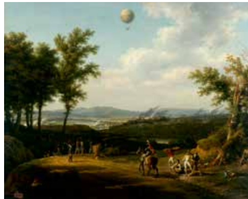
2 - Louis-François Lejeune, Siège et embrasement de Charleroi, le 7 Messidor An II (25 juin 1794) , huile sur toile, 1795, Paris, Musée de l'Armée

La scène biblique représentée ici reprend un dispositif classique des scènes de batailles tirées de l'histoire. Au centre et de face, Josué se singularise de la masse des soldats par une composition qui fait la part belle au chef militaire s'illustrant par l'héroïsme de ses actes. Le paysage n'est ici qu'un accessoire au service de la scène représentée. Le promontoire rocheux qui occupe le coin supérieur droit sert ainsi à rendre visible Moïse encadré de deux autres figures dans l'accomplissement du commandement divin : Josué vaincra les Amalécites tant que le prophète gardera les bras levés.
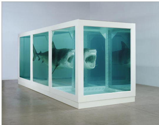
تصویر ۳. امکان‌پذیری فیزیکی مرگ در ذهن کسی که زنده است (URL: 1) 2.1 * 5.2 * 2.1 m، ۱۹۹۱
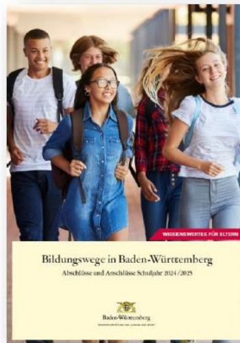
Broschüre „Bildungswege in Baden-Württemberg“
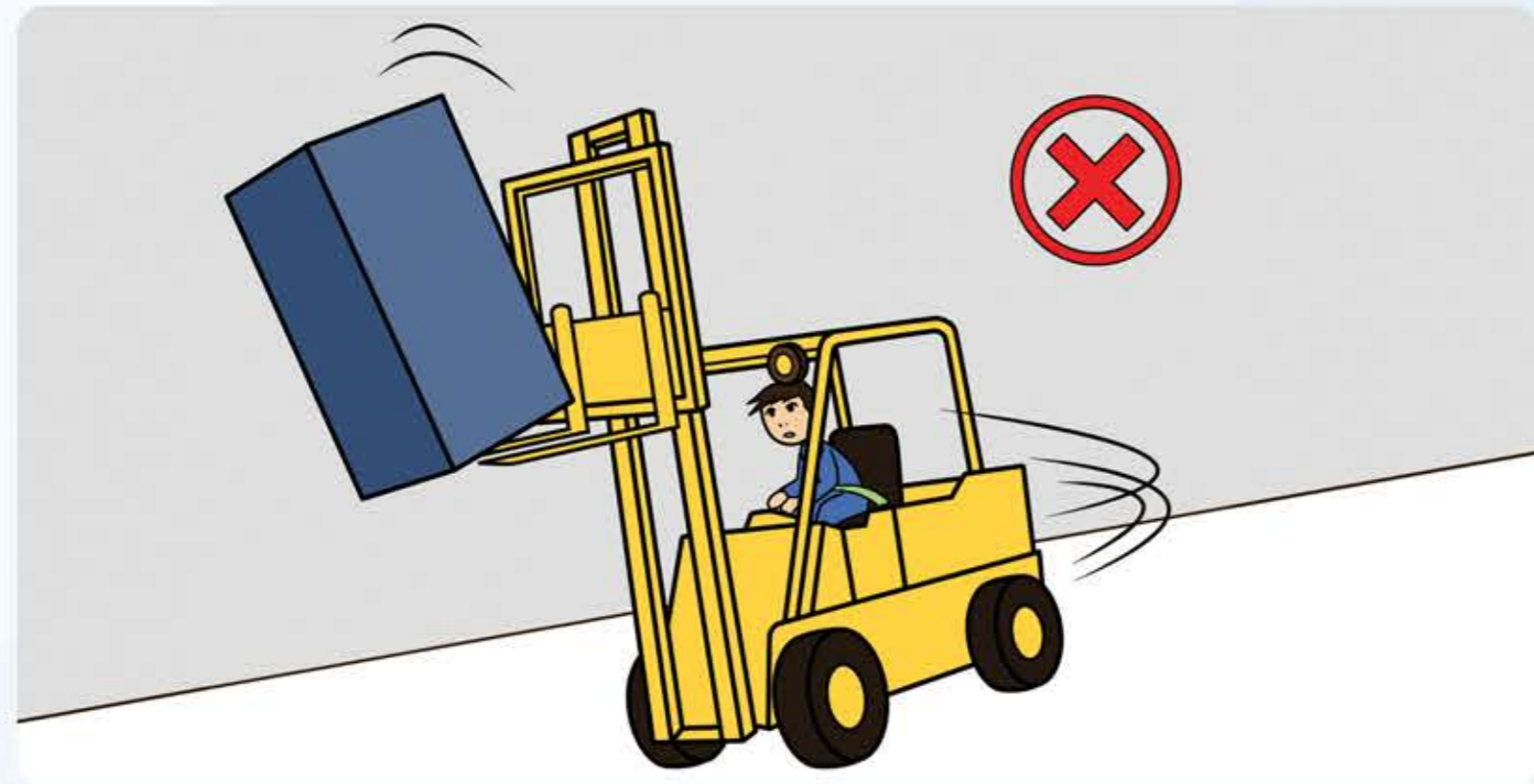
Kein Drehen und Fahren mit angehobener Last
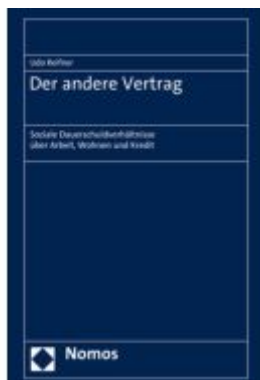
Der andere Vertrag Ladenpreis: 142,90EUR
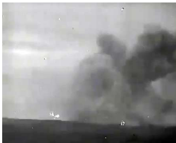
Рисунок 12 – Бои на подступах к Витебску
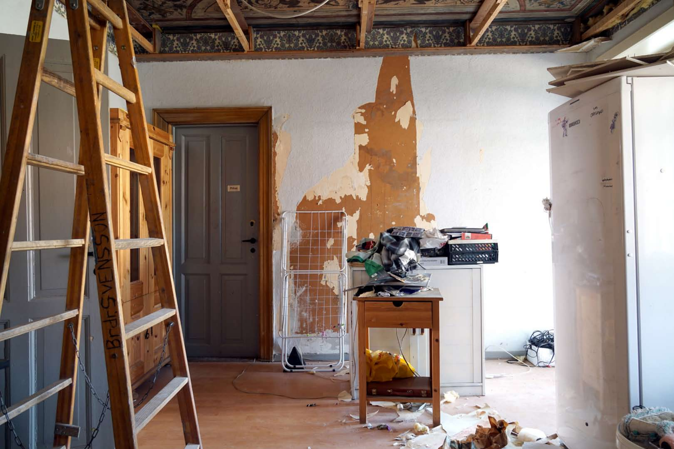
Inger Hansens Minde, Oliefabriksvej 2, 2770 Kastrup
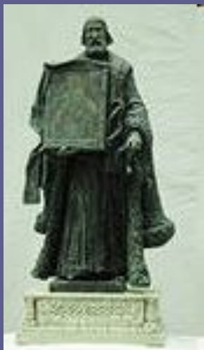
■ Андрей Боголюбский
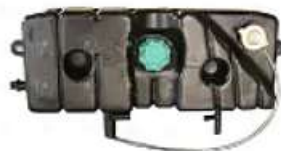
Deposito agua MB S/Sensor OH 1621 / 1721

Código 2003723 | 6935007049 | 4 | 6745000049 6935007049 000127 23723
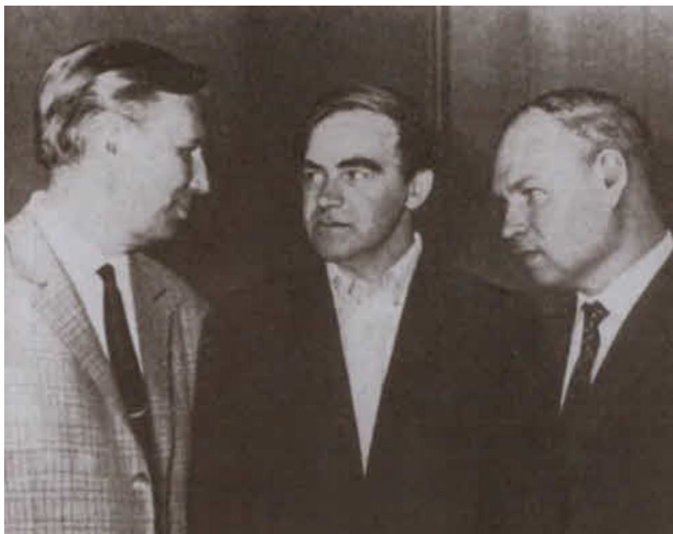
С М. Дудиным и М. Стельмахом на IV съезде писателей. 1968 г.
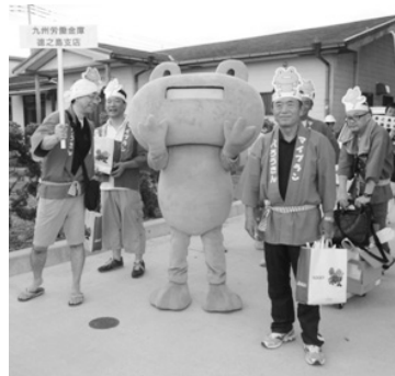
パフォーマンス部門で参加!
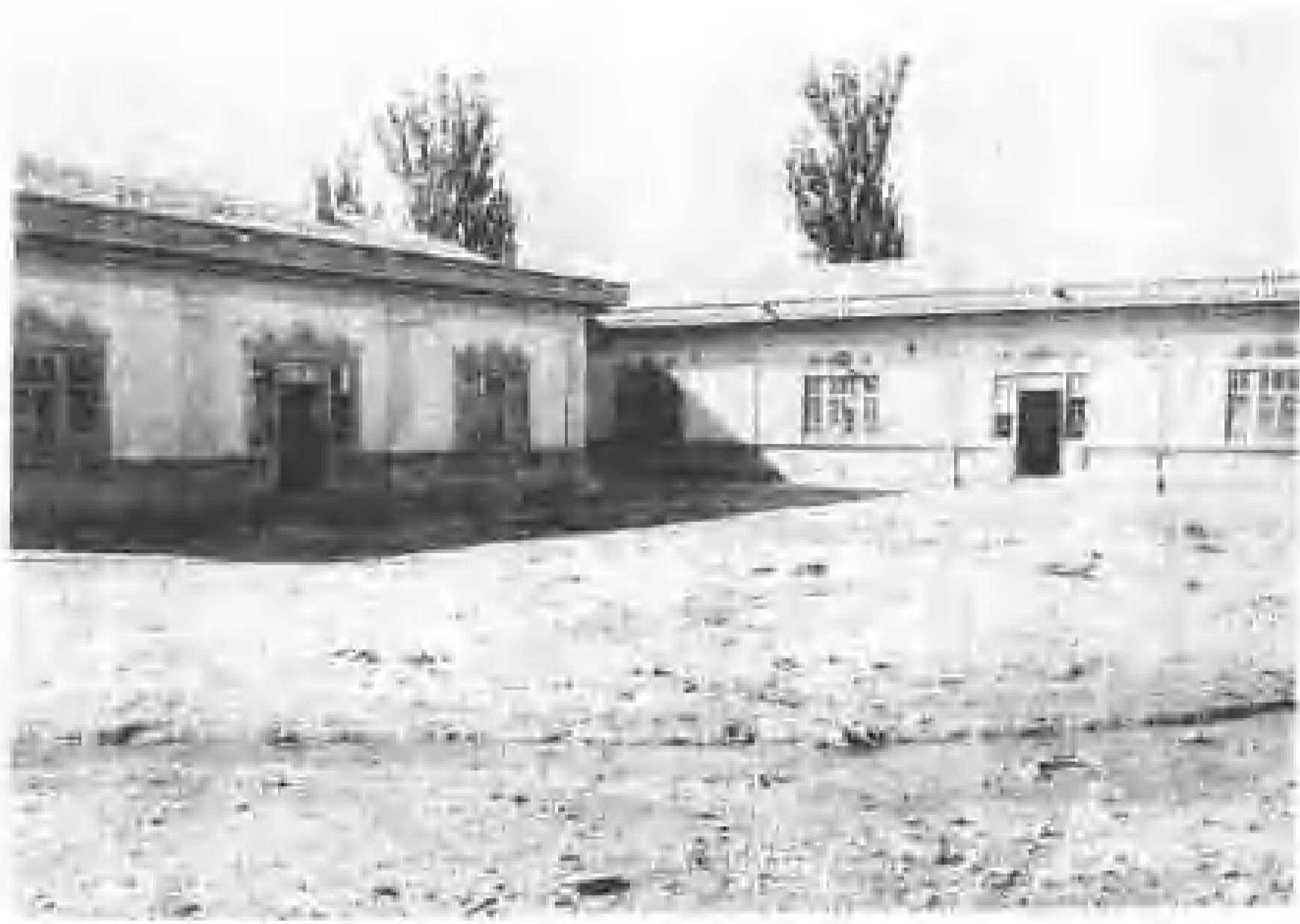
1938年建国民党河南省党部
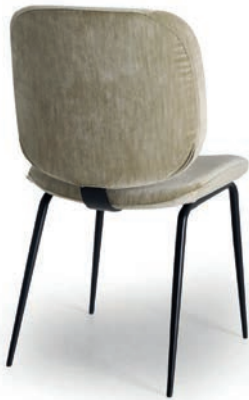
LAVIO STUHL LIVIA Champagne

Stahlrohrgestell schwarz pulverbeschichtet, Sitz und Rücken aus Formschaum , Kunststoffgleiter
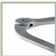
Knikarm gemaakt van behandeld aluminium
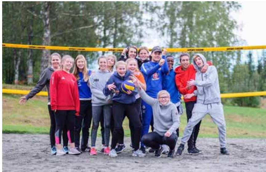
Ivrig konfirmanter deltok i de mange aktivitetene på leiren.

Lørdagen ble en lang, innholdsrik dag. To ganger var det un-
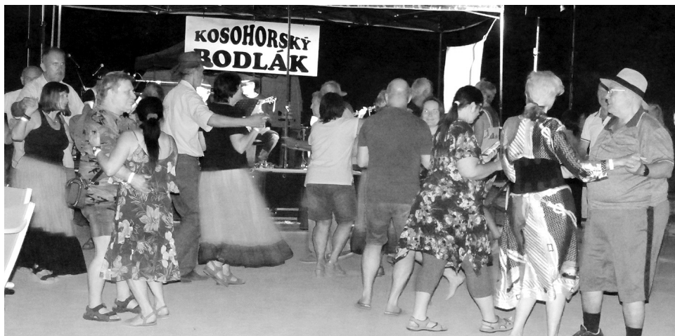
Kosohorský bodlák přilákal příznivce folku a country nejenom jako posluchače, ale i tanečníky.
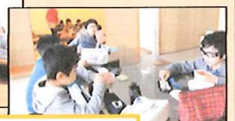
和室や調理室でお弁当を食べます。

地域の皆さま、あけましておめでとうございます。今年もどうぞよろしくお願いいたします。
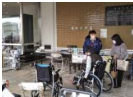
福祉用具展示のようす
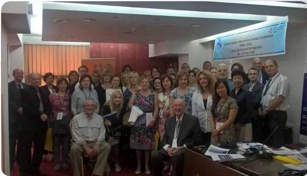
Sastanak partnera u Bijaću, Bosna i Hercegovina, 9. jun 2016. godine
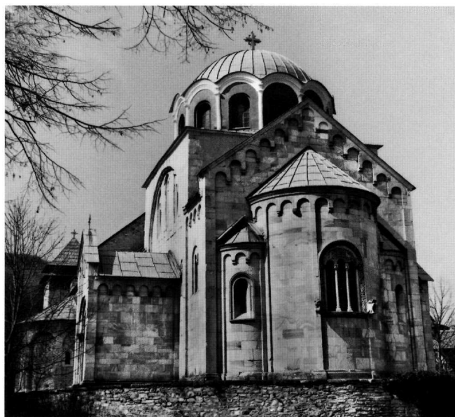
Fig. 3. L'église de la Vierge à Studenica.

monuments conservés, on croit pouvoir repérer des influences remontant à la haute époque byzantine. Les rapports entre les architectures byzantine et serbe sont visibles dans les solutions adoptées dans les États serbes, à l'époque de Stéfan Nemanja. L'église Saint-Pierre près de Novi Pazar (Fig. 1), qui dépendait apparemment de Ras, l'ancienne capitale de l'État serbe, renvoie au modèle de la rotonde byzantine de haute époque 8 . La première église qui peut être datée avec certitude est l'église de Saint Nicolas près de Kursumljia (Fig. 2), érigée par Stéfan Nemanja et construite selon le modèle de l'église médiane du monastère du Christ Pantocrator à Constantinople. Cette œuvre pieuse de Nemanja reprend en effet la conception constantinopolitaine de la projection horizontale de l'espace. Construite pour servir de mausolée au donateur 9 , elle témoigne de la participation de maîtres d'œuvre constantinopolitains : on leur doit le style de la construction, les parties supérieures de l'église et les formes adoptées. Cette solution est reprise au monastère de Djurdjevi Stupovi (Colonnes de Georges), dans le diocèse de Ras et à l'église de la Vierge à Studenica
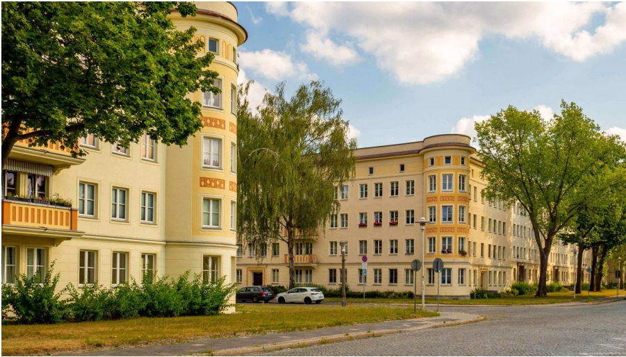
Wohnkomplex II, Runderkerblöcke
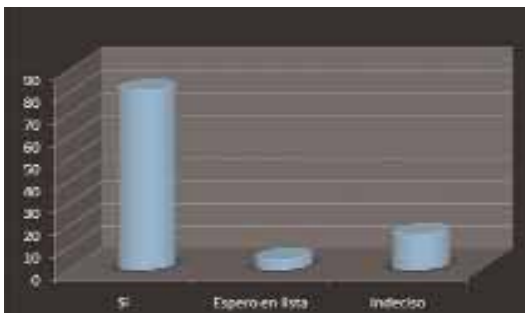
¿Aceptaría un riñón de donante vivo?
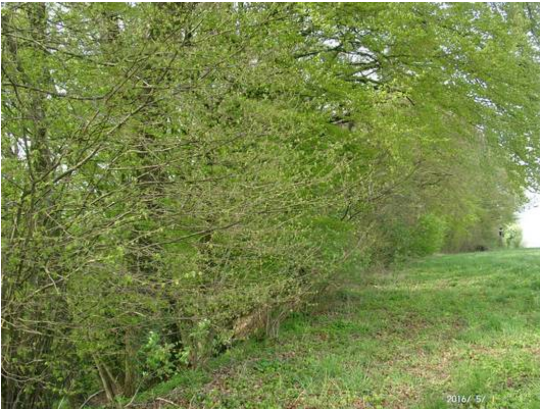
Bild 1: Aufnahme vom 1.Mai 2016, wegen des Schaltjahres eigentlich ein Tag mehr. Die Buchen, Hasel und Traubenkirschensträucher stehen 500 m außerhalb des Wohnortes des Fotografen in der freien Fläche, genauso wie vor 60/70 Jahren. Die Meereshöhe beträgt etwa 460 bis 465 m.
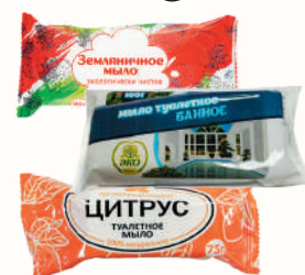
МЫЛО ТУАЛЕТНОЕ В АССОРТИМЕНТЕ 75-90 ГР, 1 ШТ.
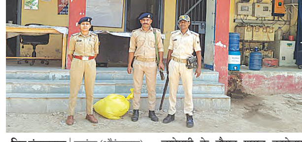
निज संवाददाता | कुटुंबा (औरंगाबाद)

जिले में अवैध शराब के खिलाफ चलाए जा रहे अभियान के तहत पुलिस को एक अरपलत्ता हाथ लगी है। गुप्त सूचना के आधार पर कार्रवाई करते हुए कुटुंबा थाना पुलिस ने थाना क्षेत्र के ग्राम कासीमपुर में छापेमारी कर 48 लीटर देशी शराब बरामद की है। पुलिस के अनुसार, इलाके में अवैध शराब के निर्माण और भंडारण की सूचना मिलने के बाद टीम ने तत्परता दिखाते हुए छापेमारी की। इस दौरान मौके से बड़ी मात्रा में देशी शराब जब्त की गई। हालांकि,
____
* **HOW TO COMPLETE THIS TASK**: Whatever pictures the records hold, omit them; give again exactly the lines from the one containing "Sastanak partnera u" through the one containing "Fig. 3. L'église de la Vierge à Studenica.".

* **RESULT OF THIS TASK**:
Sastanak partnera u Bijaću, Bosna i Hercegovina, 9. jun 2016. godine
Fig. 3. L'église de la Vierge à Studenica.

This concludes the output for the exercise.